Where the word "Платье" shows up in the entries below, please copy the whole line.

○ ○ ○

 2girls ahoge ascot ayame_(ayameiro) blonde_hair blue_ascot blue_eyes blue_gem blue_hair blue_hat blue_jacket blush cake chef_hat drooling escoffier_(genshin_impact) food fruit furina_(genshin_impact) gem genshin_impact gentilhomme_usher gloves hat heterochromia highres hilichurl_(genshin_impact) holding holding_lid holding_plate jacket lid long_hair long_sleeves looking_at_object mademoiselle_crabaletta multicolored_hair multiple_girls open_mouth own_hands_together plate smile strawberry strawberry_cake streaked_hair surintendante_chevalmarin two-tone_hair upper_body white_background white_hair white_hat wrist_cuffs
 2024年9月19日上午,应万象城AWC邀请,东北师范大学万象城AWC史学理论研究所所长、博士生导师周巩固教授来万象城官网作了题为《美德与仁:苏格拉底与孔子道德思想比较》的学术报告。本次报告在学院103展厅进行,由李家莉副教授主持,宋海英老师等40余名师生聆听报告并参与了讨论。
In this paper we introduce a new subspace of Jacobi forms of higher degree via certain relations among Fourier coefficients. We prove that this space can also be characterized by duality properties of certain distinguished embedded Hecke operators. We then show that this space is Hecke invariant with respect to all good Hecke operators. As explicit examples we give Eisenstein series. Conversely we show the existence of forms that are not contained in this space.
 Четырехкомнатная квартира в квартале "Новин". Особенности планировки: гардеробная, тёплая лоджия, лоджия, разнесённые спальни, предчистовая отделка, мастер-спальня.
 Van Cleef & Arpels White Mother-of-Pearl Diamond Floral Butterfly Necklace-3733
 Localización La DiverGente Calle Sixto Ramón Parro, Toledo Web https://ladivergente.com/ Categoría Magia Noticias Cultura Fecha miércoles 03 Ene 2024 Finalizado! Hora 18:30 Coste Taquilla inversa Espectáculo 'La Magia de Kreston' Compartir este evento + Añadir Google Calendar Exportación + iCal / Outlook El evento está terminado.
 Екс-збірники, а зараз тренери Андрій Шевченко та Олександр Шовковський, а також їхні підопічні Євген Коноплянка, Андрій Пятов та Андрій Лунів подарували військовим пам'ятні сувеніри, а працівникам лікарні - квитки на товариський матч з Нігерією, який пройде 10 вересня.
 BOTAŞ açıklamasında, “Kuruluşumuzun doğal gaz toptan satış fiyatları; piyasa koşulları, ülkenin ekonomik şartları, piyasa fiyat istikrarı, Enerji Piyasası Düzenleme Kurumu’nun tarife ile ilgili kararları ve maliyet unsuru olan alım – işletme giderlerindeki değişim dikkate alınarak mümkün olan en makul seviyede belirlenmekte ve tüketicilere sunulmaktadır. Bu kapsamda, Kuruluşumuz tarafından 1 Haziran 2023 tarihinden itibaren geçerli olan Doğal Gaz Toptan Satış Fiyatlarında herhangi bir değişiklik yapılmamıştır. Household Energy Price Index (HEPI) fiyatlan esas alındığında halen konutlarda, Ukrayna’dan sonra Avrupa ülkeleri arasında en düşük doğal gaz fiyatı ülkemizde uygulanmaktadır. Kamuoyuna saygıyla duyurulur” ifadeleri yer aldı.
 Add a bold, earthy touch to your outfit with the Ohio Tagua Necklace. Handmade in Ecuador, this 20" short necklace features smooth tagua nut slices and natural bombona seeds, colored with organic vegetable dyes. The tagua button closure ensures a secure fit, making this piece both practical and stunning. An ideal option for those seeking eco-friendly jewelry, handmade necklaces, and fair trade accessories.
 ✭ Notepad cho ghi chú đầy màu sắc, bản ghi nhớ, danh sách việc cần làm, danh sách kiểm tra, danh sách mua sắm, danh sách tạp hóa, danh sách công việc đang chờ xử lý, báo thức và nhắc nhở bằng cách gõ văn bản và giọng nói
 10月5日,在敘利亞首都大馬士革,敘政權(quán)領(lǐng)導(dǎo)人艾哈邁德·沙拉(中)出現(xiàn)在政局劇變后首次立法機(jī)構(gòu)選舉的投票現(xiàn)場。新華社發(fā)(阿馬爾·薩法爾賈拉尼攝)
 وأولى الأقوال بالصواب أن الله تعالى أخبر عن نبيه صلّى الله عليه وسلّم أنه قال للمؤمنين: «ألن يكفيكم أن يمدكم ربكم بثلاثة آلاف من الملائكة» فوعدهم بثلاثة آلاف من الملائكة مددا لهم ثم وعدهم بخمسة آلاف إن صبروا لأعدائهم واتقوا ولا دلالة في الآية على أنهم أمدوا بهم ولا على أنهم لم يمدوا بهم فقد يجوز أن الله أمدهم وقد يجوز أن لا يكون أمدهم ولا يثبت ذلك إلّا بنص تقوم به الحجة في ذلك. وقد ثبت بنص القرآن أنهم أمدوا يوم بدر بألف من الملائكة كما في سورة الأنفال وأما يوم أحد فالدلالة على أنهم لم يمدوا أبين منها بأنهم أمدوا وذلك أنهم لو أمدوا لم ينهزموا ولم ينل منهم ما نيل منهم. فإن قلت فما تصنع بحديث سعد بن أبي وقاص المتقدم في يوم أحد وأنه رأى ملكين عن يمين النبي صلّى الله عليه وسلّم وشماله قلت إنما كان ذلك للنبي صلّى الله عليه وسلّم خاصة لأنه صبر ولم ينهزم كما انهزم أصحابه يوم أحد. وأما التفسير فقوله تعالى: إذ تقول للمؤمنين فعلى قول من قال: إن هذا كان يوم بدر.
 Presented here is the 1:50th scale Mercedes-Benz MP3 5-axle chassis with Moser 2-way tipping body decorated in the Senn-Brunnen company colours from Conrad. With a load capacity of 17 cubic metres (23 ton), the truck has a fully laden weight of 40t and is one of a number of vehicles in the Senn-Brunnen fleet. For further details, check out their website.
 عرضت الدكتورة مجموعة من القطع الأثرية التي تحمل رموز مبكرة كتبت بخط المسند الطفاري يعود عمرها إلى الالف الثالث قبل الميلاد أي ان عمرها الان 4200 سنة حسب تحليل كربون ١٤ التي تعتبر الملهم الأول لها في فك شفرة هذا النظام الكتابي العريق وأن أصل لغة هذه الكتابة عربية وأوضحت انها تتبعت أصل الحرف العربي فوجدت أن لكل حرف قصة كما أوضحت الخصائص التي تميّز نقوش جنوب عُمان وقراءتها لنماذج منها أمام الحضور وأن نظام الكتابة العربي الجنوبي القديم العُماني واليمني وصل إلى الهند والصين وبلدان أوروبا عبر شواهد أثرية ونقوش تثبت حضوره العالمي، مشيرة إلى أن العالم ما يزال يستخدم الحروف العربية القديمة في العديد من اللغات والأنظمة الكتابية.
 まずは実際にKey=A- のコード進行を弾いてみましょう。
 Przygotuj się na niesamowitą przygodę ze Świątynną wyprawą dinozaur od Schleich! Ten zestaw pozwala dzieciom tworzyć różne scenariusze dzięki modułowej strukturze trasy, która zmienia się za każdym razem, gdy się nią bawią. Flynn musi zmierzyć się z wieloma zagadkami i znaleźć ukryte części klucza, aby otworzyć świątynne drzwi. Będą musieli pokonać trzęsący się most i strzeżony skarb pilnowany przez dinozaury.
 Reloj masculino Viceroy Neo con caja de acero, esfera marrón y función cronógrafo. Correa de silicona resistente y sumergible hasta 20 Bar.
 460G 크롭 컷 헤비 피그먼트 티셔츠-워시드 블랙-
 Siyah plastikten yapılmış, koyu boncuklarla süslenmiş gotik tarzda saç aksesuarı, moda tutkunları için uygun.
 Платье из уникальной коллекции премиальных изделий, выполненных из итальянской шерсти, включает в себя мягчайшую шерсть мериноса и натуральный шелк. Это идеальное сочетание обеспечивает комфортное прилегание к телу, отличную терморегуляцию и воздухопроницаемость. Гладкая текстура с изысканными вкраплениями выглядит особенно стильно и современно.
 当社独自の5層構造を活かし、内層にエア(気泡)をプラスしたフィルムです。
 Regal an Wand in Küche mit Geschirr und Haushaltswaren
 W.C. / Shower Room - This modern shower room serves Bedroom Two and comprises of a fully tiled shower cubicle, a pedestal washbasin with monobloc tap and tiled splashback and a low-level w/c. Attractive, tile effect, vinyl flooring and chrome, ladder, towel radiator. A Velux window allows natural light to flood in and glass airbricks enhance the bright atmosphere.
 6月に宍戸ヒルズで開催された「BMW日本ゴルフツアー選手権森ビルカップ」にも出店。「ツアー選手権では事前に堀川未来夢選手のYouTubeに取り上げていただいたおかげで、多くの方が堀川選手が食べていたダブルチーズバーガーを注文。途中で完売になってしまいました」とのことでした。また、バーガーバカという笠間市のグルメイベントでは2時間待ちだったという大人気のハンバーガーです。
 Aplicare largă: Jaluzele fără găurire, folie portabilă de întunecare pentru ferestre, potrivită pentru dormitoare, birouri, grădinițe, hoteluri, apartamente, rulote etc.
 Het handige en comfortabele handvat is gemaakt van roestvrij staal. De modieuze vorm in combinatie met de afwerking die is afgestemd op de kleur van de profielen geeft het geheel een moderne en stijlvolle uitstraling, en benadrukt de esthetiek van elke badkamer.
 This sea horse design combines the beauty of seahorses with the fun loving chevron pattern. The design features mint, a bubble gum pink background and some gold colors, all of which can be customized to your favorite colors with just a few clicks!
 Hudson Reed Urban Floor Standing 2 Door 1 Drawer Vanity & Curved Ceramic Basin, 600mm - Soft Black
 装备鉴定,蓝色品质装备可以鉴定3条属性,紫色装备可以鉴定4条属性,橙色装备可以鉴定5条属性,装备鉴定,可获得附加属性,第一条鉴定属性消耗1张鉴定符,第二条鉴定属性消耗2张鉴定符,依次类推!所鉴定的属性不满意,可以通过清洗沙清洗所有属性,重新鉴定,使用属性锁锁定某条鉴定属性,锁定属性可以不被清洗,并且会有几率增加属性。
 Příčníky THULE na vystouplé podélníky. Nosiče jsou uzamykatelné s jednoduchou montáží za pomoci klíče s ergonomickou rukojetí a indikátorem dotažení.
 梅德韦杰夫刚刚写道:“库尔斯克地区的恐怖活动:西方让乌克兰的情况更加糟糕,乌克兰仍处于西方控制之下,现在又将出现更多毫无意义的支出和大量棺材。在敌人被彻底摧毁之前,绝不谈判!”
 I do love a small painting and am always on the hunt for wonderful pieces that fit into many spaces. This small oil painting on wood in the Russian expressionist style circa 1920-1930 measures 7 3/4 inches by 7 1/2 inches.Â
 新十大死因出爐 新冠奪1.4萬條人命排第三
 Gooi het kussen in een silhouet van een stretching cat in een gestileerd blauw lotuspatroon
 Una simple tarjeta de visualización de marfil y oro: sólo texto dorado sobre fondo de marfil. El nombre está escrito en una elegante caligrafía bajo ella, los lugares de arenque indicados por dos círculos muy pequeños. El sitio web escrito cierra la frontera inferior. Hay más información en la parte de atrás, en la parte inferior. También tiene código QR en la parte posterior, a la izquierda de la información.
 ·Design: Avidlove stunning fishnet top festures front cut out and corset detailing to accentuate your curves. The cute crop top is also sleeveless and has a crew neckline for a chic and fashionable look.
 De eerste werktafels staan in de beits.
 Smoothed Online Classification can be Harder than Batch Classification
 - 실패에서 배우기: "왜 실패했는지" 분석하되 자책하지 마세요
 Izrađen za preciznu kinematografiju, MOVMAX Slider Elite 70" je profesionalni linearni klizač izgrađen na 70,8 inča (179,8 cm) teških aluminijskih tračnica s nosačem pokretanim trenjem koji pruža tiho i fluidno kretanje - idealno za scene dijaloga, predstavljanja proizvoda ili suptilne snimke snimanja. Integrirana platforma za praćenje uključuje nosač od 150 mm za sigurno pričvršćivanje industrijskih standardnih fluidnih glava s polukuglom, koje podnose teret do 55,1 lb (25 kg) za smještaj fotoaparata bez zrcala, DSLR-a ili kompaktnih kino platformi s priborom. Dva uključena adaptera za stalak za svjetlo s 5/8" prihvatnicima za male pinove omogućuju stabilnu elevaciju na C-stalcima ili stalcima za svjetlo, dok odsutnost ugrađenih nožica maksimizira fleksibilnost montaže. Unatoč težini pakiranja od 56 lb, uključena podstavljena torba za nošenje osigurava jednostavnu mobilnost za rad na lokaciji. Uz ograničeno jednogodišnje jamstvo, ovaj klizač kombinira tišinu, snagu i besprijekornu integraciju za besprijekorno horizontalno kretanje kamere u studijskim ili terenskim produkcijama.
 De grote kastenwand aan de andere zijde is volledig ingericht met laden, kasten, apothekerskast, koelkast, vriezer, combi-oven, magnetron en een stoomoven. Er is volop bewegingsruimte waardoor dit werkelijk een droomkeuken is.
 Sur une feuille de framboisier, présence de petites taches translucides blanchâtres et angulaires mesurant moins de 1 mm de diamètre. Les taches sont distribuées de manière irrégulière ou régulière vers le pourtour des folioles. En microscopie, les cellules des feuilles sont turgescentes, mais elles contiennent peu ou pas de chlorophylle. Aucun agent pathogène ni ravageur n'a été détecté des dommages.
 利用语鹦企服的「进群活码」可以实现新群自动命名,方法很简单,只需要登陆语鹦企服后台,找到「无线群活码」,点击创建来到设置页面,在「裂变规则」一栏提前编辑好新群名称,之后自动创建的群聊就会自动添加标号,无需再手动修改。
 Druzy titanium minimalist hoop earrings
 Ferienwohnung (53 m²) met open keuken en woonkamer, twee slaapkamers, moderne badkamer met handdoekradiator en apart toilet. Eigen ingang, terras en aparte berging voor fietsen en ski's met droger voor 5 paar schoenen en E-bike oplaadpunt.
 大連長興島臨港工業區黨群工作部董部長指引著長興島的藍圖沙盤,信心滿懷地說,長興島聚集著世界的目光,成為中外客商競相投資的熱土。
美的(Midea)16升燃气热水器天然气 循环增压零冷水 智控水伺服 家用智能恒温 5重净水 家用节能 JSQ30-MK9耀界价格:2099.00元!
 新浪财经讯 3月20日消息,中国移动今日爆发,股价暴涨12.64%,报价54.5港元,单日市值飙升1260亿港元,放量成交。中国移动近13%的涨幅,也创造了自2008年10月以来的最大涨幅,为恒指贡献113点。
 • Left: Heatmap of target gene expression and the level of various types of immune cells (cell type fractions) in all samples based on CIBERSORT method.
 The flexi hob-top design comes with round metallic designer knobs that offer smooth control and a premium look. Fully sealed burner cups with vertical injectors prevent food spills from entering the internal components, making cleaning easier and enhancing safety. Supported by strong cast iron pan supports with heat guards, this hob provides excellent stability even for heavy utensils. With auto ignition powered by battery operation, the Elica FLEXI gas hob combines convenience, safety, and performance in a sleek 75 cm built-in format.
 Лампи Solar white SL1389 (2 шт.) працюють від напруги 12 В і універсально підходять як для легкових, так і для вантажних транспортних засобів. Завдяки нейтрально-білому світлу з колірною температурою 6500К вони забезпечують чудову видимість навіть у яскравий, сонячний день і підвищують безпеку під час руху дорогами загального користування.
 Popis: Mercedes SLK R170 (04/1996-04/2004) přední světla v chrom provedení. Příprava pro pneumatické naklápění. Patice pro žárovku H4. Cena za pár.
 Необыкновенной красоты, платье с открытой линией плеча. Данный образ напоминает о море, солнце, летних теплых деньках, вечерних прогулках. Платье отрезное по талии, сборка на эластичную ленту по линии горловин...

○ ○ ○

▶ [Solution to the exercise]
 Платье из уникальной коллекции премиальных изделий, выполненных из итальянской шерсти, включает в себя мягчайшую шерсть мериноса и натуральный шелк. Это идеальное сочетание обеспечивает комфортное прилегание к телу, отличную терморегуляцию и воздухопроницаемость. Гладкая текстура с изысканными вкраплениями выглядит особенно стильно и современно.
 Необыкновенной красоты, платье с открытой линией плеча. Данный образ напоминает о море, солнце, летних теплых деньках, вечерних прогулках. Платье отрезное по талии, сборка на эластичную ленту по линии горловин...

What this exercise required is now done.